第六百六十話
「へっ、今更誘導兵器なんて驚きゃしねーよ!」
セイバーフィッシュに乗る彼は強い語気で吐き捨てる。
しかし、その言葉とは裏腹に冷や汗が止まらないでいた。
誘導兵器、そう言い表したが一般的な誘導兵器とは違うファンネルミサイルは敵を追尾するのではなく、先回りや追い込んだりしてくる兵器なんてものはなかった。いや、正確にはあったにはあったがミサイル同士がフォーメーションを組んだように動くようなものではなかった。
彼は正面から迫るファンネルミサイルを迎撃に機銃を連射してたまたま撃ち落とすことに成功しただけでほぼ運だけで生き残ったに過ぎない。互いに高速で近づいているというのに機銃でミサイルを狙って落とせるものはオールドタイプではそうはいない。
「ちっ、随分やられちまったな」
その被害の最たるは大型爆撃機故に運動性に難があるデブロック、大型ではない分だけ運動性は優れているが爆撃機であることには変わりなく、戦闘機に比べると機動力、運動性能は劣るフライマンタがファンネルミサイルの餌食となった。
シルメリア・砲戦フレームはどこからどう見ても地上用MS、もしくはMAにしか視えず、飛行能力がないと考えての航空戦力による対地攻撃を選択したのがその選択が仇となった。
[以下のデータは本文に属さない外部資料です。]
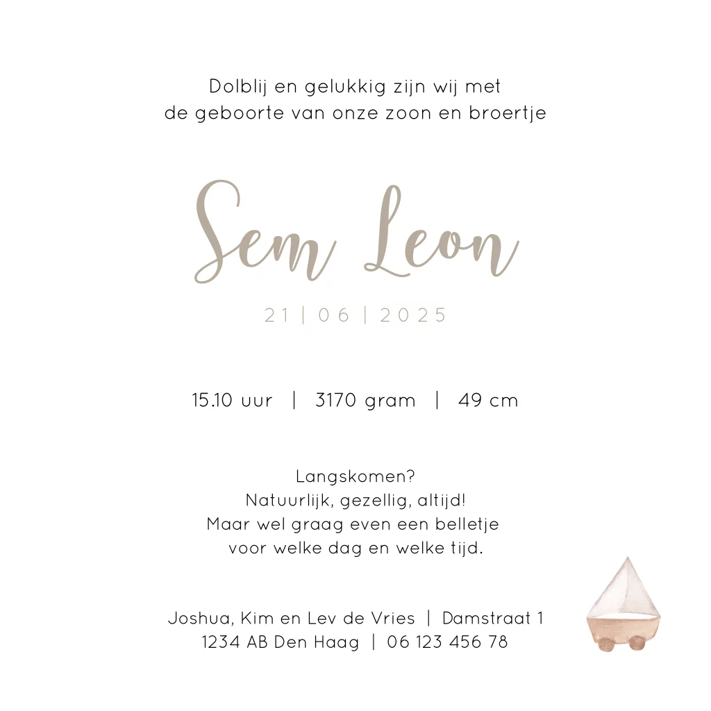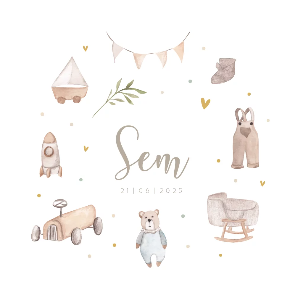 Schattig geboortekaartje met tekeningen voor een jongen.

普通に考えれば高高度を飛ぶデブロックやフライマンタを攻撃することは不可能、可能であったとしても命中率はお察しなので一方的に攻撃することでこちらの被害は抑えられ、敵に損害を与えられる……そんな幻を見ていた。
「だが札は割れた。次は対処できる」
そう自分を鼓舞するが、次弾がないことを切に願った。もう1度同じように切り抜けることができる確率は決して高くないとわかっているからだ。
「密集隊形で弾幕を張るべきか、それともまとまったところを狙われないように散開しておくべきか――何?!」
それが視界に入ったのは偶然だった。2度も偶然が重なれば実力と言えるかもしれない。
「くそ!!なんで後ろからミサイルが飛んでくるんだよ?!敵はまだ前にいるんだぞ!」
Gを軽減するためのパイロットスーツの中は汗でぐっしょりとなり、どこからの攻撃がわからず、しきりに周りを警戒して次がないかを探す。
伏兵がいるのかと思ったが、地上は目立った障害もない地形であるため視界良好で敵の姿は確認できず、空は同行しているデッシュから警告がないことから近くにいる敵がいるわけではない。
ならどこからミサイルが翔んできたのか。
それは――
「こちらも初見殺しのようなものだが、やはり効果があるな。この機雷モードは」
アレンは戦果に満足そうに頷きながら呟く。
ミサイルの正体は最初のファンネルミサイルに変わりない。しかし、今襲っているファンネルミサイルは内蔵されているミノフスキークラフトにより空中に留まり、任意のタイミングで再び発射することが可能となっている。地上の地雷、海や宇宙でいうところの機雷に相当するような役割を担うことができるのだ。